Amp more important than speakers?


The common wisdom seems to be the opposite (at least from speaker makers), but I have tried the many speakers that have come thru my house on lesser amps or my midfi A/V receiver and something was always very wrong, and things often sounded worse than cheap speakers.
On the other hand, I have tried many humble speakers on my my really good amps (& source) and heard really fine results.

Recently I tried my Harbeth SHL5s (& previously my Aerial 10Ts, Piega P10s, and others) on the receiver or even my Onkyo A9555 (which is nice with my 1985 Ohm Walsh 4s, which I consider mid-fi), and the 3 high end speakers sounded boomy, bland, opaque.

But when I tried even really cheap speakers on my main setup (Edge NL12.1 w/tube preamp) I got very nice results
(old Celestion SL6s, little Jensen midfi speakers).

So I don't think it's a waste of resources to get great amplification and sources even for more humble speakers.
My Harbeth SHL5s *really* benefit from amps & sources that are far more expensive than the Harbeths.

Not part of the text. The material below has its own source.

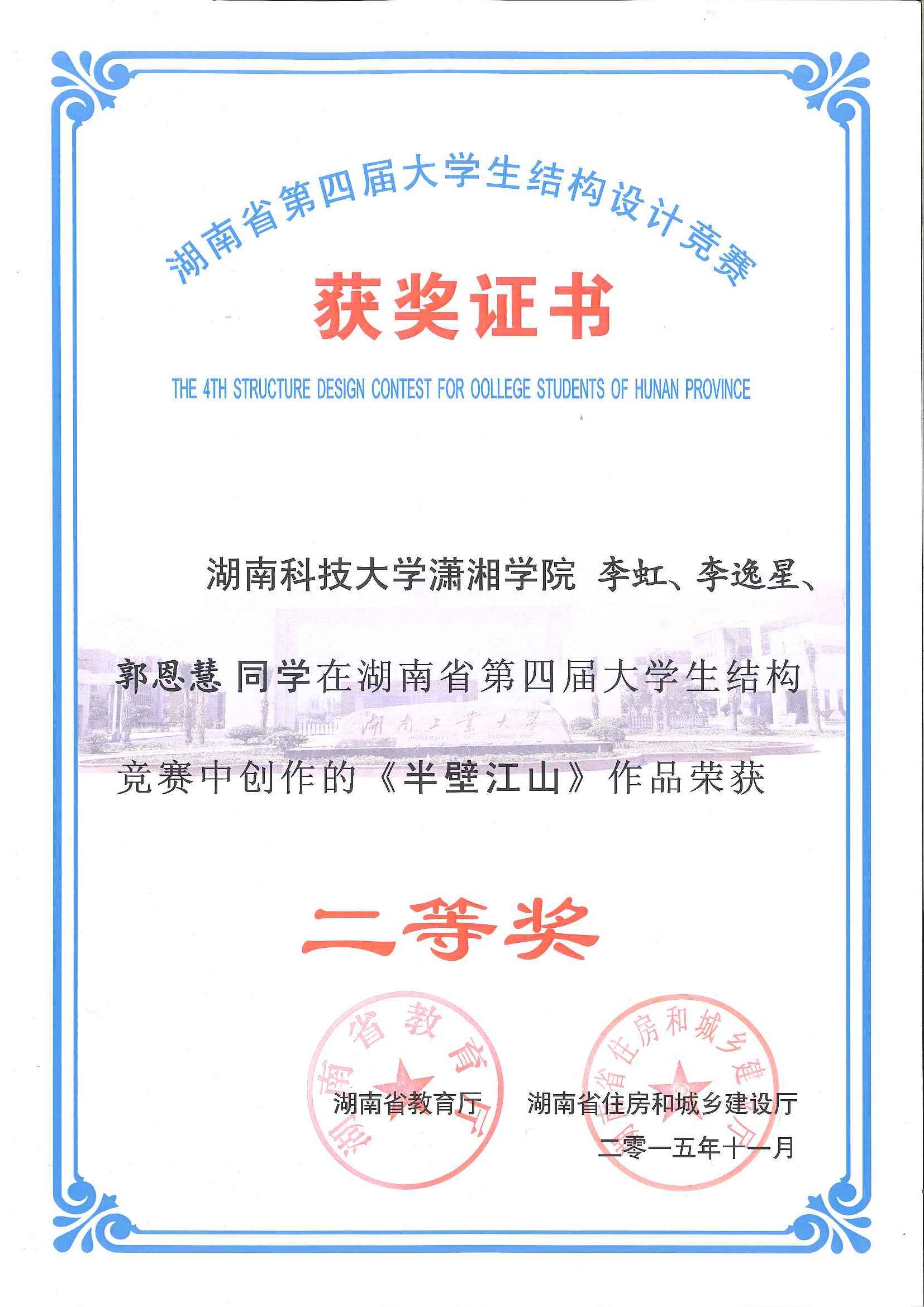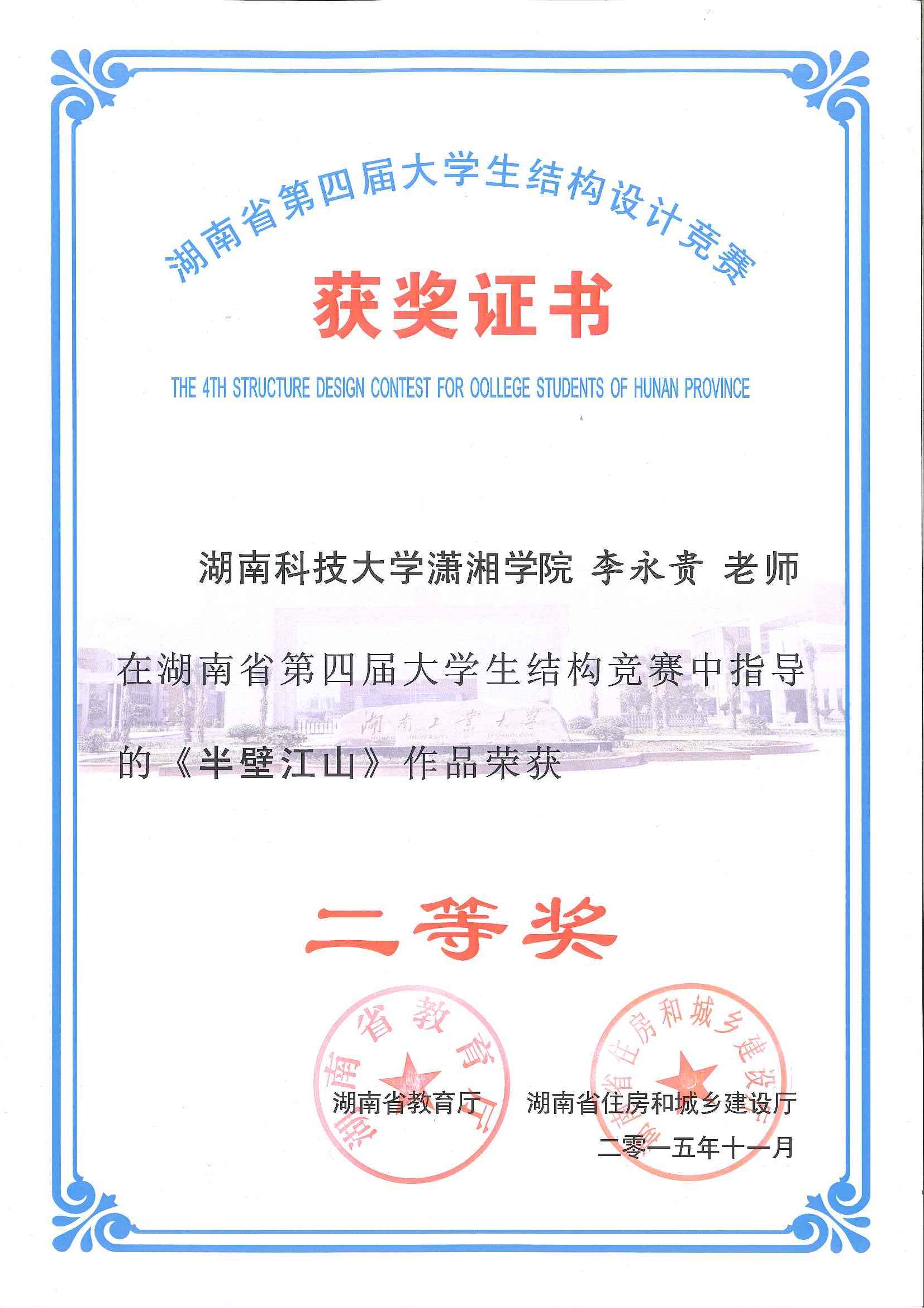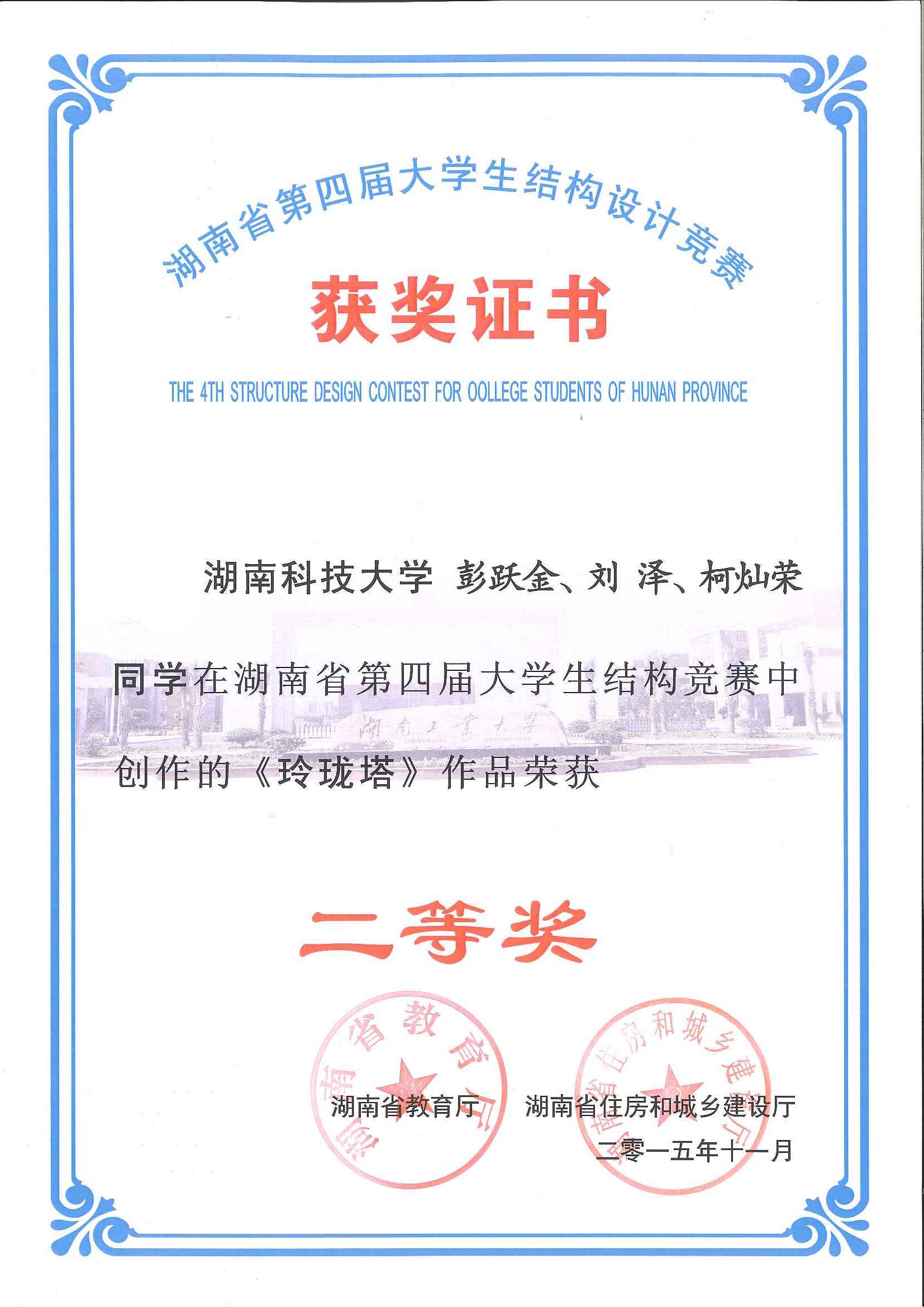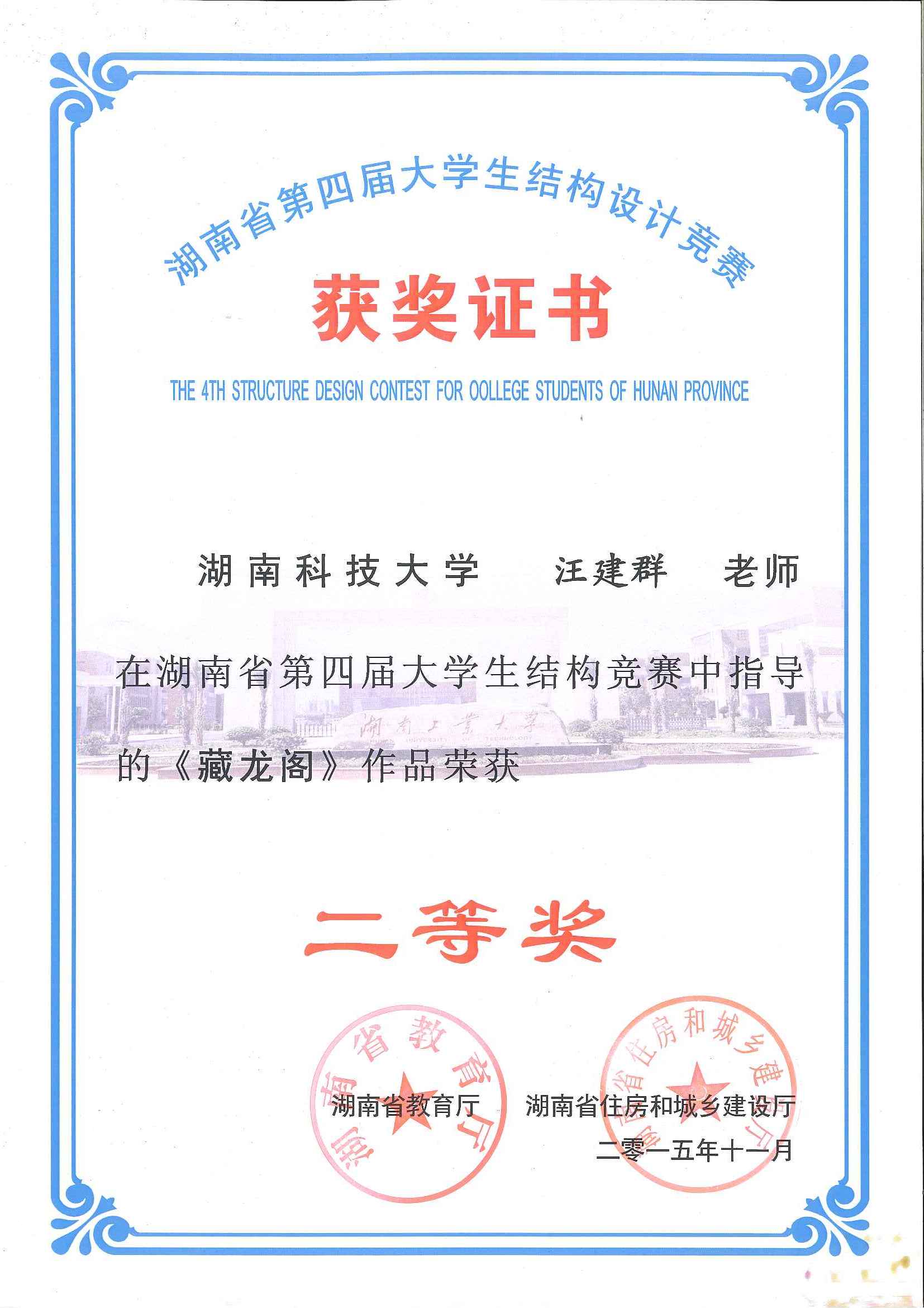 2015年11月27日至29日,湖南省第四届大学生结构设计竞赛在湖南工业大学成功举办。36365官网组织和选派了4支队伍参加了本次比赛,其中舒小娟老师指导的参赛队伍现场完成的名为“凌云阁”的模型获得了一等奖,由汪建群老师、禹见达老师、李永贵老师分别指导的三组学生也均荣获二等奖。本届竞赛再次展现了36365官网在湖南省大学生结构设计竞赛中处于领先的水平。

Once I had Aerial 10Ts that sounded like new speakers with vocals to die for when I drove them with a Pass X350 to replace an Aragon 8008.

Oh well, thanks for reading my rambling thoughts here...

So I think I would avoid pairing good speakers with lesser amps,
rgs92
Get real, how could anyone expect any thing less from a loudspeaker manufacture. Should Rgs92 believe Wilson or his own eyes?

Back when I practically lived in "high end emporiums", we were "grooving mightily" to all ARC electronics and top of the line Thiel speakers, when someone came in who wanted to audition a Rotel amp. After the Rotel amp was inserted, with ARC pre and Thiel still in the lineup; the soundstage collapsed.
GEE- You mean all amps DON'T perform alike? I'm shocked! Comparing Rotel and ARC? PLEASE!
The happy/MOST EFFICIENT path to the best results is room 1st, speakers second, amp third and then the rest.

Other orders can work well also as long as the end results are in synch, but will likely take more time and expense to optimize and results may not be as good.